Kapitalizm yıkılana kadar ya mücadele ya mücadele!
“sayılar bebelerin kundakları
sayılar tabutları şehirlerin
öldürülmüş
öldürülebilecek olan
sayılar yaklaşan bir şeyleri bildirir
sayılar bildirir uzaklaşan bir şeyleri”
-Nazım Hikmet
Her çağ kendi neslini yetiştiriyor. Her nesil içinden geçtiği çağın gerçeklerini yaşayarak öğreniyor. Ve tarihin her sayfasında; reva görülene boyun eğen değil, içinde yaşamak istediği ülkeye ve dünyaya varmak arzusuyla savaşan gençlerin mücadelesi yazıyor.
Biz gençler, emperyalist devletlerin insanların tepesine yanı başımızda bombalar yağdırdığı, ırkçılığın ve mezhepçiliğin kardeşi kardeşe düşman ettiği, milyarlarca insanın açlıkla boğuştuğu ve binlercesinin yaşanabilir bir hayat uğruna uluslararası denizlerde boğulduğu bir çağda yaşıyoruz.

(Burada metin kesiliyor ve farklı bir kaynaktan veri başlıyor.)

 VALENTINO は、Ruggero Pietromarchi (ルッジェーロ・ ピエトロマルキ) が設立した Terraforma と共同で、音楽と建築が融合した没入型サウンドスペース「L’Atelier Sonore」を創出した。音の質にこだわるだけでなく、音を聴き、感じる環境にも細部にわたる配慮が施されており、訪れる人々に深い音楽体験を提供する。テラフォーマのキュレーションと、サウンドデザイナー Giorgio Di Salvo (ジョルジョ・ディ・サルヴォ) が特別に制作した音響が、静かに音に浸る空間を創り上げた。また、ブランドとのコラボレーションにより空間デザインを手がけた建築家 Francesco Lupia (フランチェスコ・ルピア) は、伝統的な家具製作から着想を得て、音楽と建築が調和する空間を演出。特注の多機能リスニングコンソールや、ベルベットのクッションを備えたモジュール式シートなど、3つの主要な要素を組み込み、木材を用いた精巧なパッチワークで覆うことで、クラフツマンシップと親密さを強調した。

Biz gençler, üniversiteleri karakola, fabrikaları ve iş yerlerini birer çalışma kampına, meclisi kuruluşunun 100. yılında zincire vurulmuş bir tiyatroya, memleketi dünyanın dört bir yanında terör estiren emperyalistlerin sığınacak güvenli limanına çeviren bir istibdad rejiminde yaşıyoruz.

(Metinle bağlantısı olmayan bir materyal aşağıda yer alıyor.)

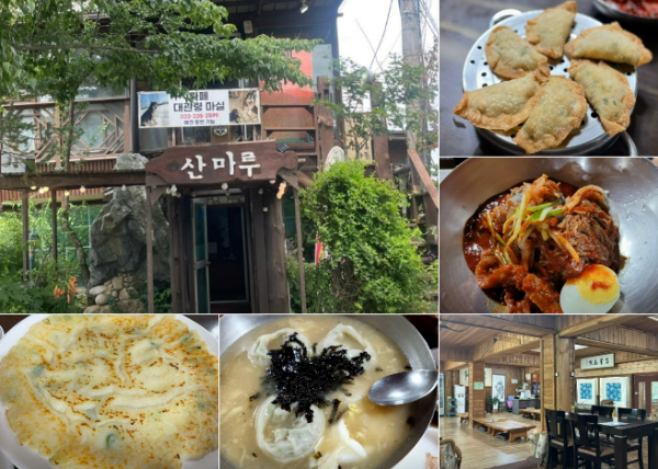 산마루는 다양한 한식 메뉴를 제공하는 곳으로, 특히 해물파전과 김치찌개가 인기예요. 가격은 10,000원에서 20,000원 사이에요.

Son dönemde ise bu yozlaşmış dünya düzeninin ne kadar aciz olduğuna, emekçi halklar için ölümcül olabileceğine, bugünümüzü ve geleceğimizi nasıl karartabileceğine çarpıcı bir şekilde tanık oluyoruz. Dünyayı sarsan koronavirüs salgını yüz binlerce insanın canını aldı ve hızla yayılmaya devam ediyor. Kapitalist devletlerin vaka ve ölüm sayıları birbiriyle yarışıyor. Dünyanın bütün kaynaklarını sömürerek zenginleşen emperyalistler, virüse karşı kendi ülkelerinde ne sağlık emekçilerinin ne de halkın güvenliğini sağlayabiliyor. Üç binden fazla insanın öldüğü Türkiye’de ise istibdad rejimi, halka Avrupa’yı ve ABD’yi göstererek adeta ölümü gösterip sıtmaya razı etmeye çalışıyor. Halkın sağlığı için alınması gereken önlemler, ekonomi tahminlerinin ve maliye politikalarının süzgecinden geçiyor. Ekonomik büyümenin sayılarla ifade edildiği bu düzende, ölümler de aynı veri havuzu içerisinde sayılarla ifade ediliyor.

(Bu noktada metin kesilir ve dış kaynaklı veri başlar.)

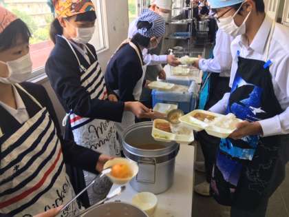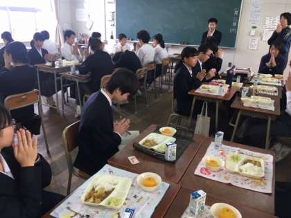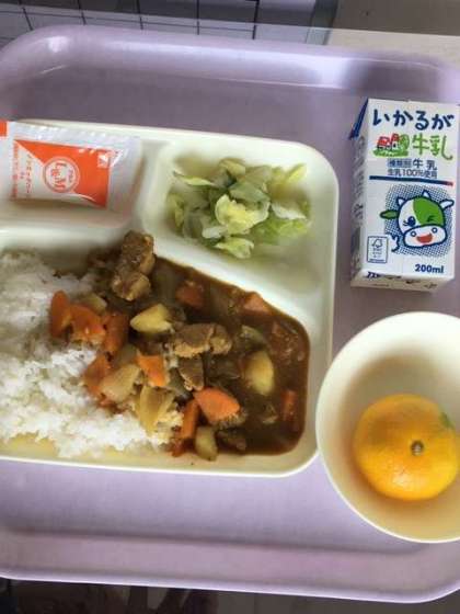 今日の給食献立は、ポークカレー・キャベツのサラダ・みかん・牛乳です。

Yaşasın 1 Mayıs! Yaşasın sosyalizm!
Zenginler evlerinde kendilerini izole ederken milyonlarca sağlık emekçisi canları pahasına Koronavirüsle mücadele ediyor. Fabrikalarda ve atölyelerde milyonlarca işçi üretmeye, milyonlarca tarım işçisi tarlaları işlemeye, taşımacılar şehirlere, kuryeler insanlara malzeme götürmeye devam ediyor. Marketlerde, pazarlarda, depolarda milyonlarca işçi çalışmaya devam ediyor. Yani bu dünya işçilerin, emekçilerin elleriyle dönüyor!
İşçilerin, emekçilerin döndürdüğü dünyanın kaymağını lüks evlerinden yiyenlerin düzeni artık yürümüyor. Nazım’ın şiirinde söylediği gibi: “sayılar yaklaşan bir şeyleri bildiriyor.” Kapitalizmin sonu yaklaşıyor. Ancak kapitalizmi yıkmak, insanın insanı sömürmediği bir düzeni kurmak için örgütlenmek gerekiyor. İşçilerin, emekçilerin bayramı 1 Mayıs’ta tarih bütün gençliği geleceğimiz için mücadeleye çağırıyor. Biz de bütün gençleri bu çağrıya kulak vermeye, kapitalizme karşı sosyalizm kavgasını büyütmeye, Türkiye’de ve dünyada işçi sınıfının ve emekçi halkın iktidar mücadelesine omuz vermeye, Devrimci İşçi Partisi’nde örgütlenmeye çağırıyoruz!
Yaşasın 1 Mayıs!
Kahrolsun kapitalizm, yaşasın devrim ve sosyalizm!